[Dataset items]
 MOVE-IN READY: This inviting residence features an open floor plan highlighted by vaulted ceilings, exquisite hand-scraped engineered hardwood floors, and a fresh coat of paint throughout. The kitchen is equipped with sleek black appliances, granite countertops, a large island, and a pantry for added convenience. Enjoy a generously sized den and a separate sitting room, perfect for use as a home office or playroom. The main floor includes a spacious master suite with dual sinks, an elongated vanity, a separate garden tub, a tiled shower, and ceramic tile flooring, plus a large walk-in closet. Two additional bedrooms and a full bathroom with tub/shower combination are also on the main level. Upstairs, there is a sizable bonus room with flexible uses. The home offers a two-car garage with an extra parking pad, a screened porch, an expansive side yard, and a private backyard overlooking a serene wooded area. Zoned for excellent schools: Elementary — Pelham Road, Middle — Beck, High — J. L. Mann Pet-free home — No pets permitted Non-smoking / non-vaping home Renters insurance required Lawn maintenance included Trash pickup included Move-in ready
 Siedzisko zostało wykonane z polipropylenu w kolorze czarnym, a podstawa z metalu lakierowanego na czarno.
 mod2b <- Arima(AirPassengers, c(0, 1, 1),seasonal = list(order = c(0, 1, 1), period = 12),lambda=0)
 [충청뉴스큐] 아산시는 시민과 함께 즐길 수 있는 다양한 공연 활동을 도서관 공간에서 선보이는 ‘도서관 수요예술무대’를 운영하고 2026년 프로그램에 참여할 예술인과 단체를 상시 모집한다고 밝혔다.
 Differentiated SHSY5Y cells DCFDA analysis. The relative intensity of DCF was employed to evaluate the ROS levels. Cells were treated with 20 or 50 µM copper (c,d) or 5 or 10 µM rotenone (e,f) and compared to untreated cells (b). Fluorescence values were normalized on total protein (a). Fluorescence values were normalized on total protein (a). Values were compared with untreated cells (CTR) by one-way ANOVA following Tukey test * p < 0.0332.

ACTIVITY: Reproduce all the entries verbatim, leaving nothing out.

ANSWER BOX:
 MOVE-IN READY: This inviting residence features an open floor plan highlighted by vaulted ceilings, exquisite hand-scraped engineered hardwood floors, and a fresh coat of paint throughout. The kitchen is equipped with sleek black appliances, granite countertops, a large island, and a pantry for added convenience. Enjoy a generously sized den and a separate sitting room, perfect for use as a home office or playroom. The main floor includes a spacious master suite with dual sinks, an elongated vanity, a separate garden tub, a tiled shower, and ceramic tile flooring, plus a large walk-in closet. Two additional bedrooms and a full bathroom with tub/shower combination are also on the main level. Upstairs, there is a sizable bonus room with flexible uses. The home offers a two-car garage with an extra parking pad, a screened porch, an expansive side yard, and a private backyard overlooking a serene wooded area. Zoned for excellent schools: Elementary — Pelham Road, Middle — Beck, High — J. L. Mann Pet-free home — No pets permitted Non-smoking / non-vaping home Renters insurance required Lawn maintenance included Trash pickup included Move-in ready
 Siedzisko zostało wykonane z polipropylenu w kolorze czarnym, a podstawa z metalu lakierowanego na czarno.
 mod2b <- Arima(AirPassengers, c(0, 1, 1),seasonal = list(order = c(0, 1, 1), period = 12),lambda=0)
 [충청뉴스큐] 아산시는 시민과 함께 즐길 수 있는 다양한 공연 활동을 도서관 공간에서 선보이는 ‘도서관 수요예술무대’를 운영하고 2026년 프로그램에 참여할 예술인과 단체를 상시 모집한다고 밝혔다.
 Differentiated SHSY5Y cells DCFDA analysis. The relative intensity of DCF was employed to evaluate the ROS levels. Cells were treated with 20 or 50 µM copper (c,d) or 5 or 10 µM rotenone (e,f) and compared to untreated cells (b). Fluorescence values were normalized on total protein (a). Fluorescence values were normalized on total protein (a). Values were compared with untreated cells (CTR) by one-way ANOVA following Tukey test * p < 0.0332.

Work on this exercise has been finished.